CN212845213U - Detection apparatus for (1R,2R) -1, 2-cyclohexanedimethanol isomer - Google Patents

Abstract

The utility model provides a gas chromatography detection device of (1R,2R) -1, 2-cyclohexanedimethanol isomer, including supplying sample preparation ware, carrier gas source, advancing kind part, chromatographic column, column incubator, detector and data processing system. The sample supply preparation device and the carrier gas source are respectively connected into the sample introduction part, and the sample introduction part is connected with the chromatographic column; the carrier gas output by the carrier gas source is a mobile phase to drive the sample to enter the sample injection part, and then flows through the chromatographic column to achieve the purpose of separation. According to the utility model discloses, can directly detect (1R,2R) -1, 2-cyclohexanedimethanol isomer through gas chromatography, easy and simple to handle, simplify the sample processing step, avoid introducing the error to can separate enantiomer and diastereomer simultaneously, solve the isomer split problem, thereby the strict control is at the content of isomer in (1R,2R) -1, 2-cyclohexanedimethanol synthesis process.

Description

Detection apparatus for (1R,2R) -1, 2-cyclohexanedimethanol isomer

Technical Field

The utility model relates to the technical field of medicine, especially, relate to a detection device of (1R,2R) -1, 2-cyclohexanedimethanol isomer.

Background

The (1R,2R) -1, 2-cyclohexanedimethanol is an important starting material in the synthesis of lurasidone hydrochloride, and enantiomers and diastereomers inevitably occur in the synthesis process of the (1R,2R) -1, 2-cyclohexanedimethanol.

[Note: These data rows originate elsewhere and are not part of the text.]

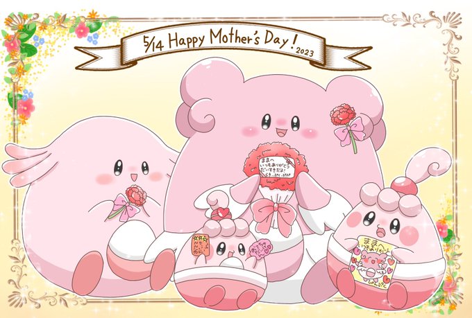 今日は母の日☺️🍀 #ポケモン #イラスト #ハピナス
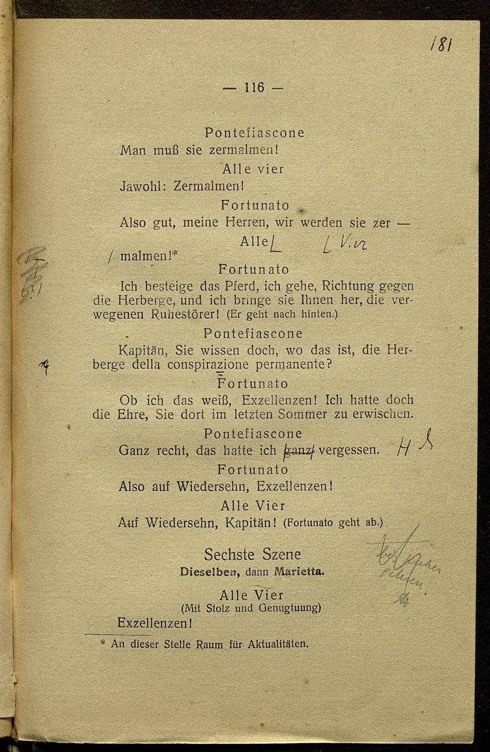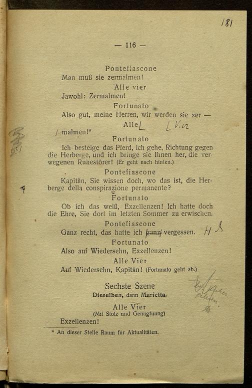 Korrekturbögen des 1.-3. Umbruchs der Nachdichtung der Operette "Madame l'Archiduc"
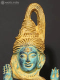 From Exotic India Art, 10" Blue and Gold Modern Blessing Lord Shiva in Brass is a brass statue standing approximately 10 inches tall that presents a contemporary interpretation of Lord Shiva in a blessing pose, designed for sacred spaces and refined décor. This piece blends traditional symbolism with a modern silhouette.
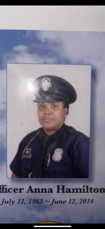 Painting of three Black women: one in a pink dress, one in a police uniform, and one in a graduation cap and gown.

Enantiomers and diastereomers directly influence the subsequent reaction and further influence the sample purity, so that the content of the (1R,2R) -1, 2-cyclohexanedimethanol isomer needs to be strictly controlled, i.e. the content of the (1R,2R) -1, 2-cyclohexanedimethanol isomer needs to be accurately detected.

CN 107688069A discloses a HPLC detection method of (1R,2R) -cyclohexane-1, 2-dimethanol enantiomer. The method has the disadvantages that the detection of a liquid chromatograph needs to be carried out after the reagent is derived, the operation is complex, errors are easy to introduce, and enantiomers and diastereomers can not be separated simultaneously.

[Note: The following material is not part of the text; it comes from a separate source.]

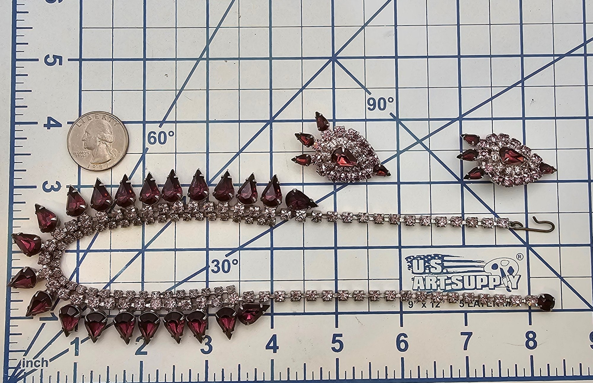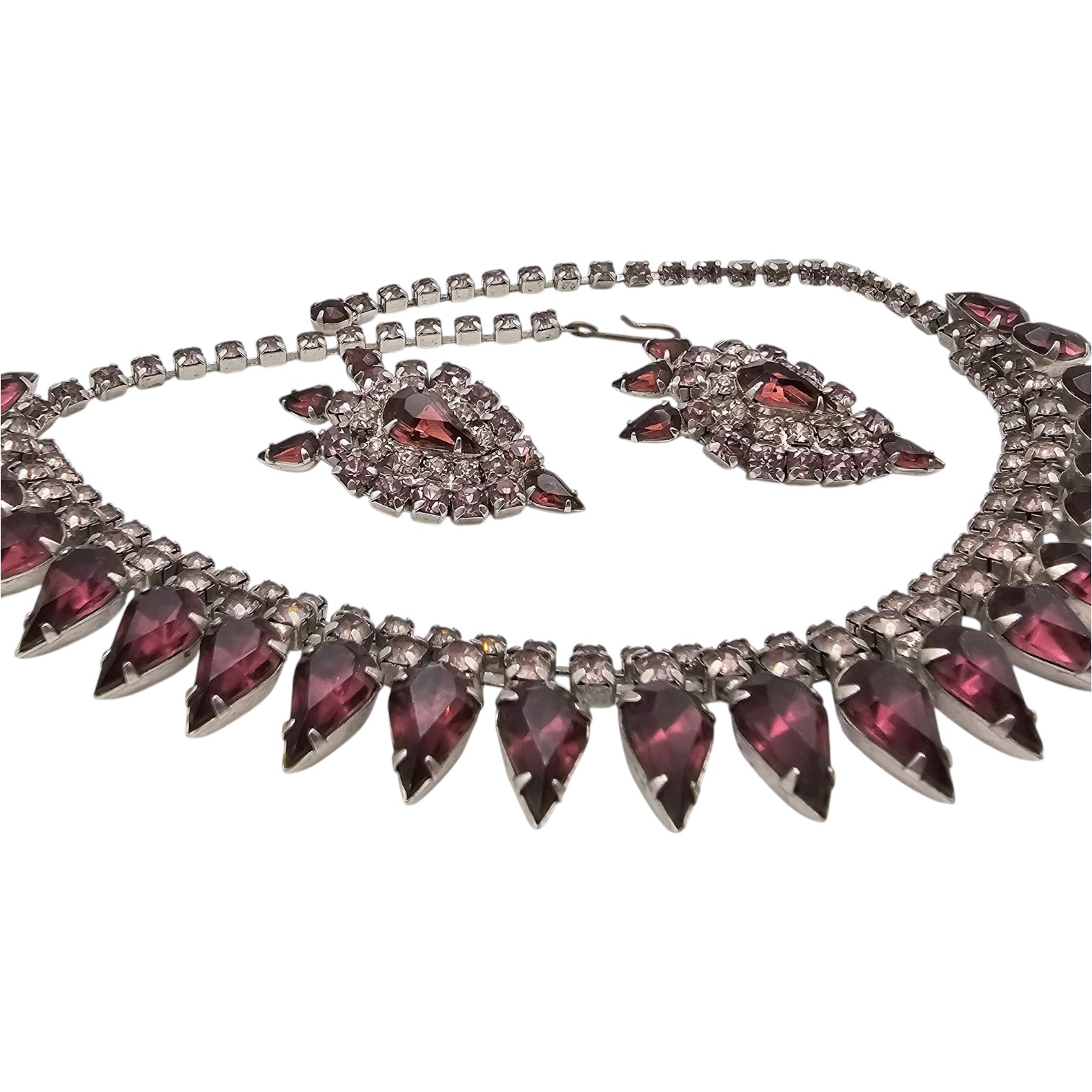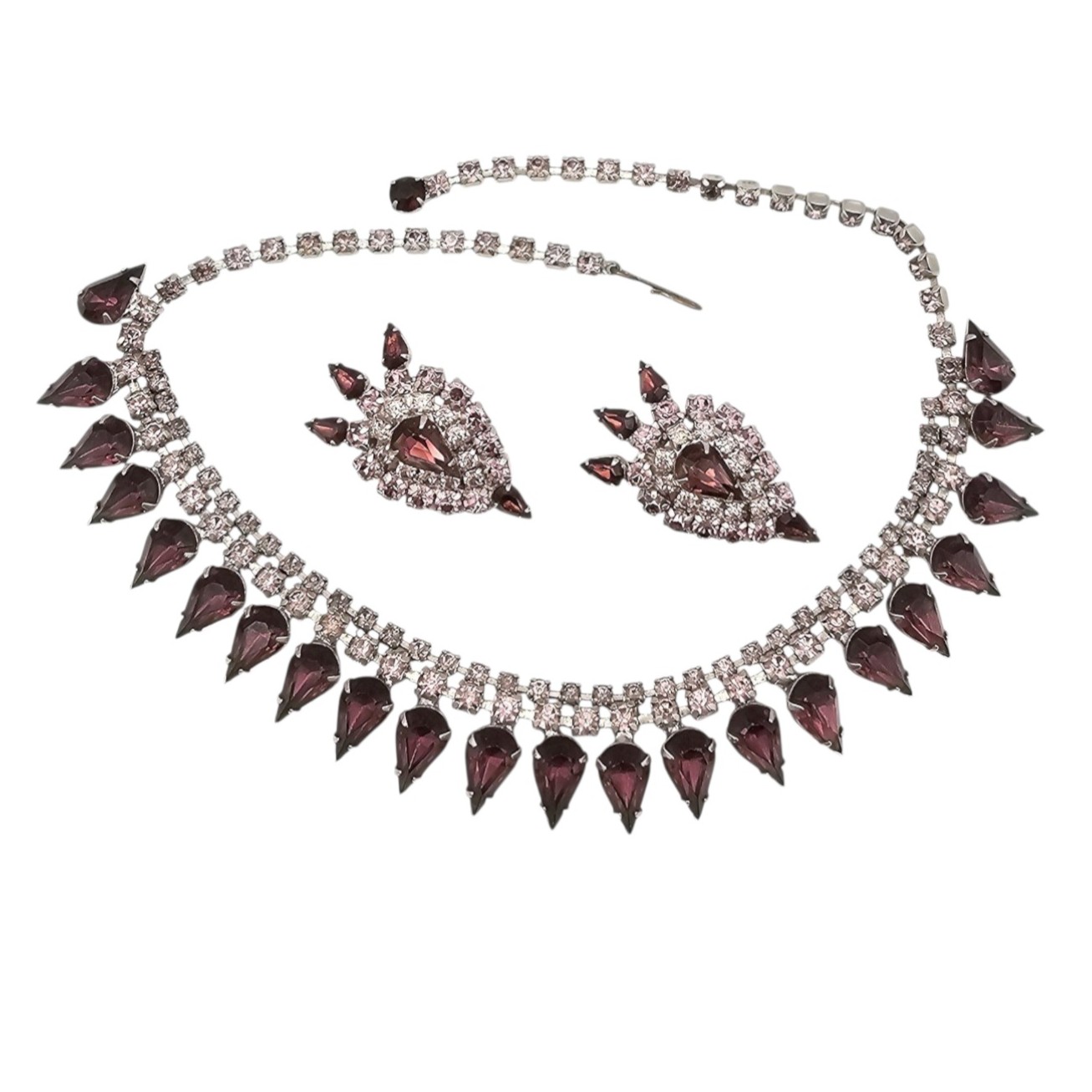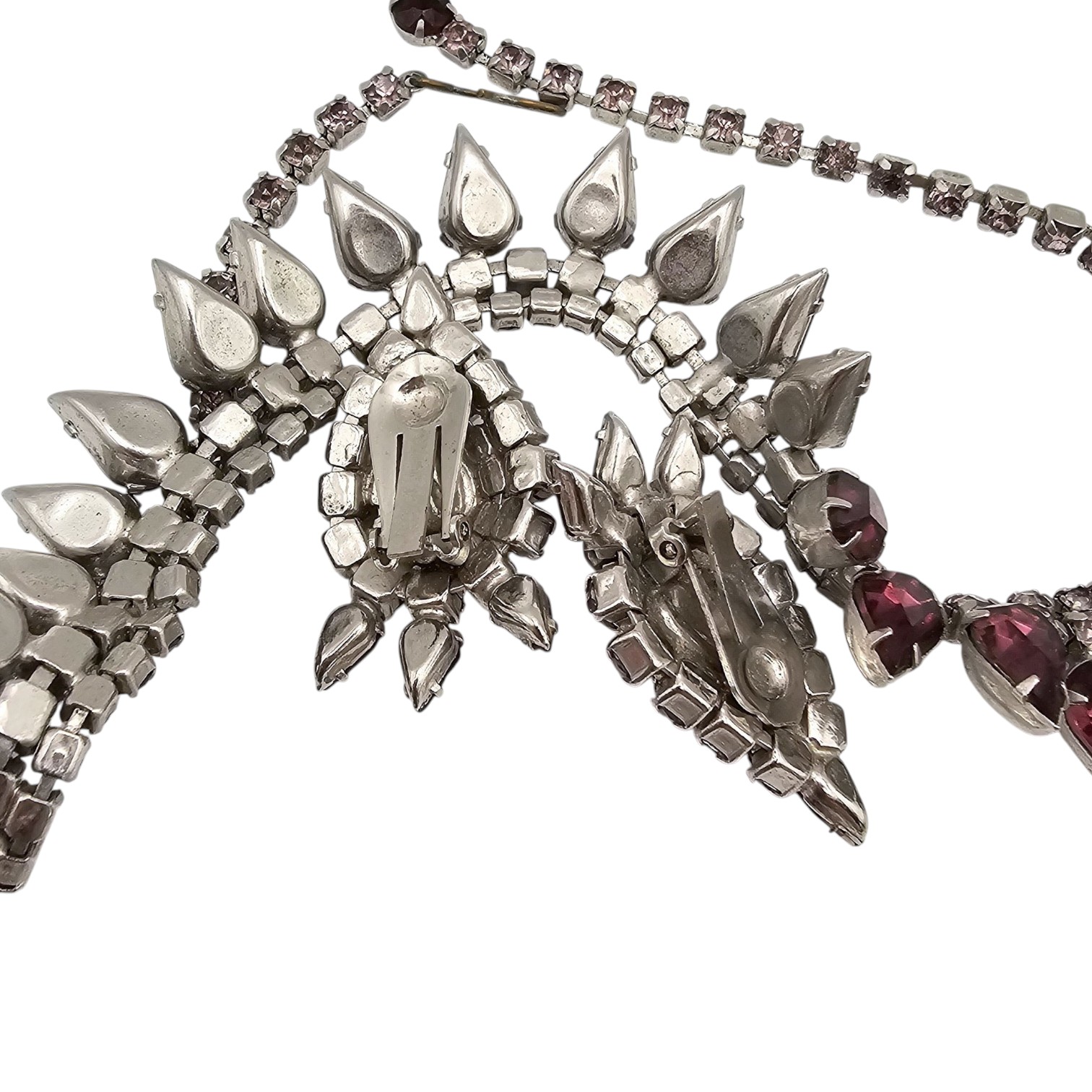 Vintage Purple Pink Rhinestone Collar Necklace Earrings Set

SUMMERY OF THE UTILITY MODEL

The utility model aims at providing a chromatogram detection device of (1R,2R) -1, 2-cyclohexanedimethanol isomer directly is used for detecting the content of (1R,2R) -1, 2-cyclohexanedimethanol isomer, separates enantiomer and diastereomer simultaneously, solves the isomer split problem, and the simplified operation improves the detection accuracy.

To this end, according to the present invention, the present invention provides a gas chromatography detection device for a (1R,2R) -1, 2-cyclohexanedimethanol isomer, comprising a sample preparation device, a carrier gas source, a sample introduction part, a chromatography column, a column oven, a detector, and a data processing system.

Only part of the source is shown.